Your Either mistaken or misinformed. My Son in law is a OTR trucker and he Carry's a handgun in the cab with CPL legally in most states in his travels. Sorry but your wrong for the most part.

From a Criminal Gun laywer-


> There is no provision in the Federal Motor Vehicle Safety Regulations; no provision of the Gun Control Act, and no BATFE regulation of which I am aware that prohibits carrying a firearms in a commercial vehicle, regardless of GVWR. One merely must remain in compliance with the firearms laws of the state (and where applicable, the locality) in which one finds one's self.


----------



## hawgrider (Oct 24, 2014)

csi-tech said:


> *I have heard that over the road drivers are not allowed to have a firearm in the cab of their truck.* The State guys had said that a while back. Evidently your team mate can't be asleep on the bed and the bed has to be made anytime you are driving. So, a gun would be on my list.


 Not true its a myth.



> There is NO FEDERAL REGULATION prohibiting the carry of firearms in a commercial vehicle.
> This BS has been told to every driver since before CDL's came into existence and can't be backed up.


----------



## A Watchman (Sep 14, 2015)

Okay boys settle down....their is only one fair way to settle this. Someone go down to the local truck stop and ask the bimbos hanging around the parking lot, what a trucker's EDC looks like.


----------



## hawgrider (Oct 24, 2014)

A Watchman said:


> Okay boys settle down....their is only one fair way to settle this. Someone go down to the local truck stop and ask the *bimbos hanging around the parking lot,* what a trucker's EDC looks like.

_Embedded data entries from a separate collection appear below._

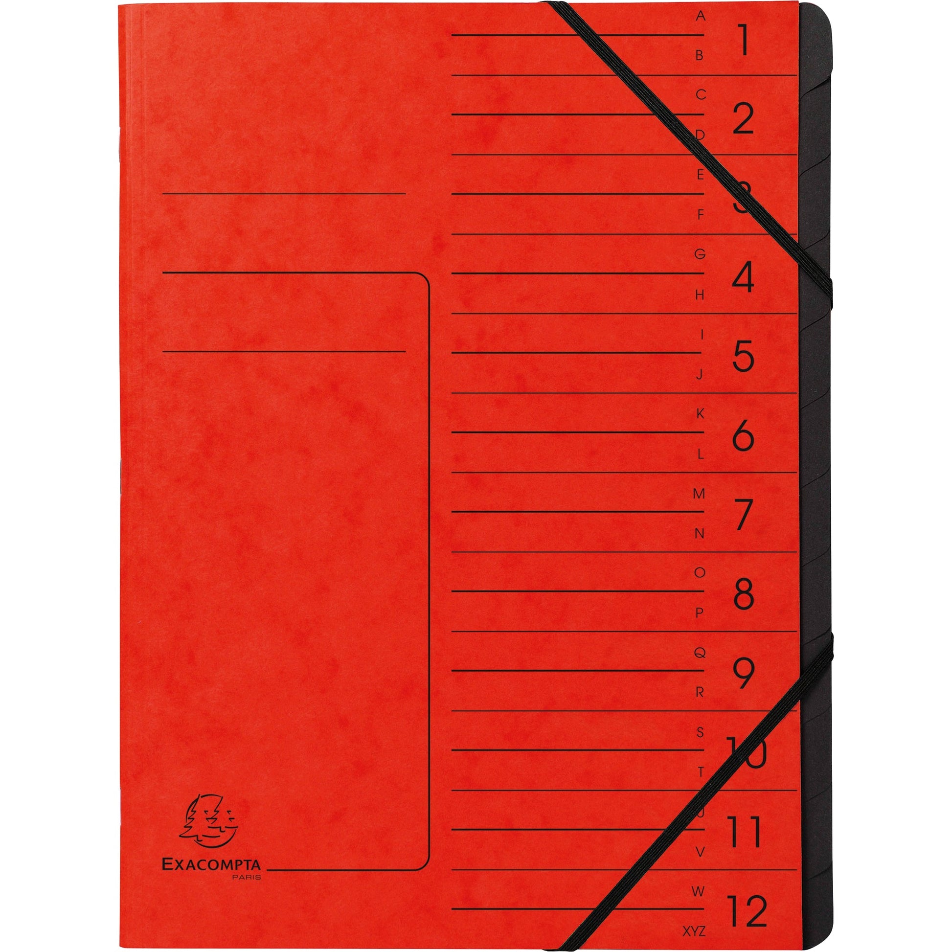 Bezeichnung: Exacompta Ordnungsmappe DIN A4 170g/m² Colorspankarton Farbe: rot Farbe des Fächerblocks: schwarz 12 Fächer
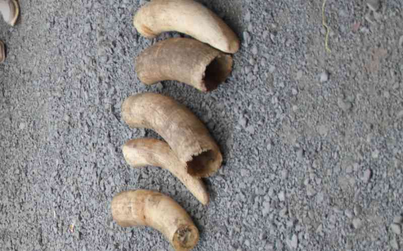 Elephant tusks recovered in Kitengela. [Peterson Githaiga, Standard]
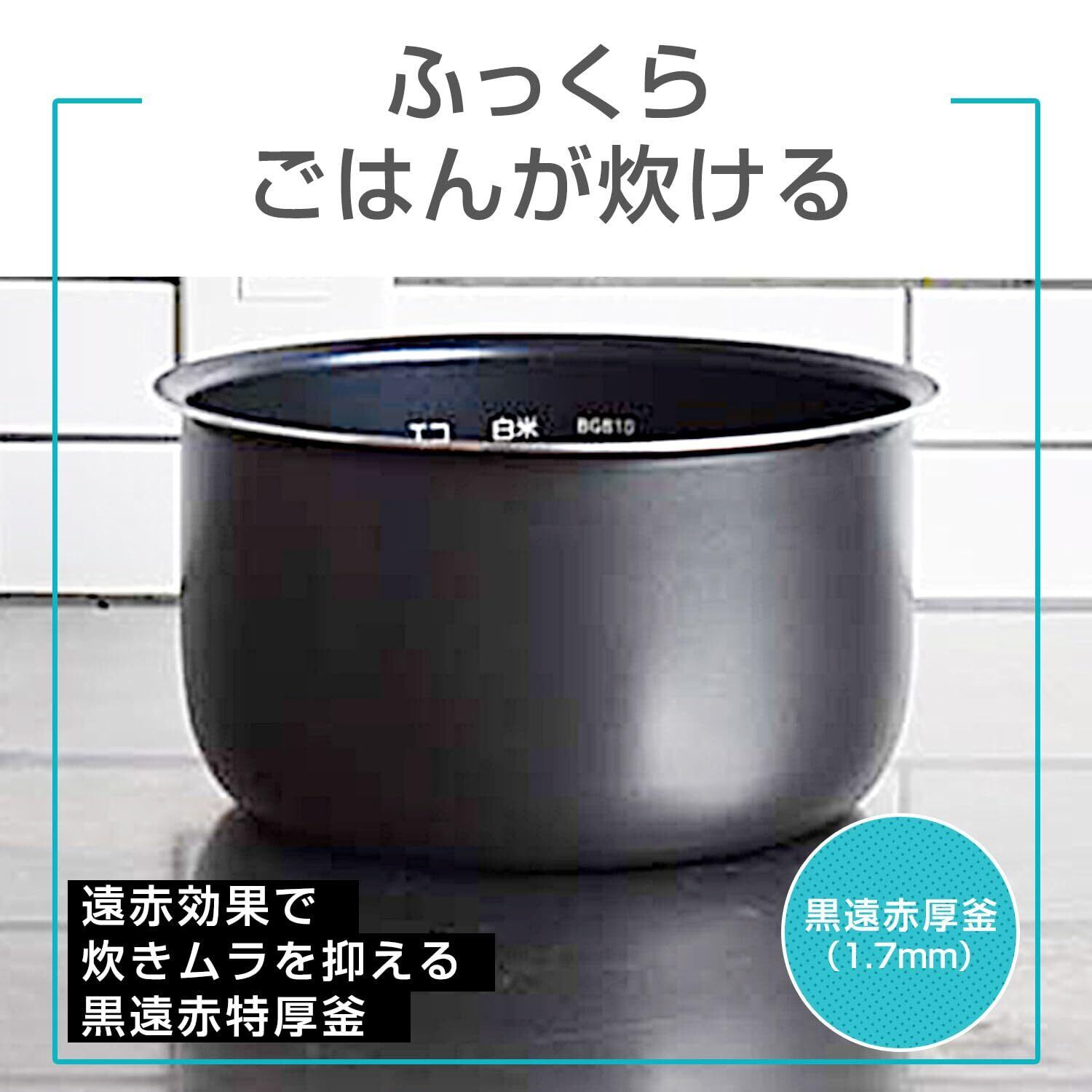 ・ふっくらごはんが炊ける「黒遠赤厚釜(1.7mm)」…遠赤効果の高い黒厚釜で炊きムラを抑え、ふっくらおいしいごはんを炊きあげます。

Those are called "Lot Lizards"


----------



## A Watchman (Sep 14, 2015)

Ummmm Hawg........personal first hand experience?


----------



## hawgrider (Oct 24, 2014)

A Watchman said:


> Ummmm Hawg........personal first hand experience?


Plenty of truckers in the family. Ive heard the jargon.

From a criminal Gun lawyer On Mi. gun owners


> Operating a commercial vehicle while carrying a handgun is not illegal. The only problems would be if 1) her employer does not allow carrying weapons, or 2) she has to enter property where is is illegal to possess a weapon.


----------



## Medic33 (Mar 29, 2015)

yes sir I drove OTR Class A with all endorsements coast to coast and I specifically asked you to show me the reg in writing page # and all-YOU DIDN"T DO IT and you call me mistake and misinformed.
and lot lizard is the proper term for HO at the camp and cramp.


----------



## hawgrider (Oct 24, 2014)

Medic33 said:


> yes sir I drove OTR Class A with all endorsements coast to coast and I specifically asked you to show me the reg in writing page # and all-YOU DIDN"T DO IT and you call me mistake and misinformed.
> and lot lizard is the proper term for HO at the camp and cramp.


Well It seems the major hawk posted all over the board last night but didn't hit this thread..... hmm imagine that!


----------



## Major "Hawk" (Dec 6, 2015)

Well lets see. It is not in the regs, due to them regs being around since the 70's. Gun Concealed carry was not around. Most states and by federal regulations even in the 70's you were only legal to carry a shotgun, unloaded in a commercial vehicle. I talked to a DPS officer, and the DOJ in my State. Unless you are an intrastate driver with a CCP, even if it has reciprocity with other states. You may not cross state lines in a commercial vehicle even with a CCP. They have not changed those reg books since i started driving in 1991, and my father and grandfather before that. But it is okay, you do what you feel is right, and i am sure you will see the light as to what the rules are. Have nice day.


----------



## hawgrider (Oct 24, 2014)

Major "Hawk" said:


> Well lets see. It is not in the regs, due to them regs being around since the 70's. Gun Concealed carry was not around. Most states and by federal regulations even in the 70's you were only legal to carry a shotgun, unloaded in a commercial vehicle. I talked to a DPS officer, and the DOJ in my State. Unless you are an intrastate driver with a CCP, even if it has reciprocity with other states. You may not cross state lines in a commercial vehicle even with a CCP. They have not changed those reg books since i started driving in 1991, and my father and grandfather before that. But it is okay, you do what you feel is right, and i am sure you will see the light as to what the rules are. Have nice day.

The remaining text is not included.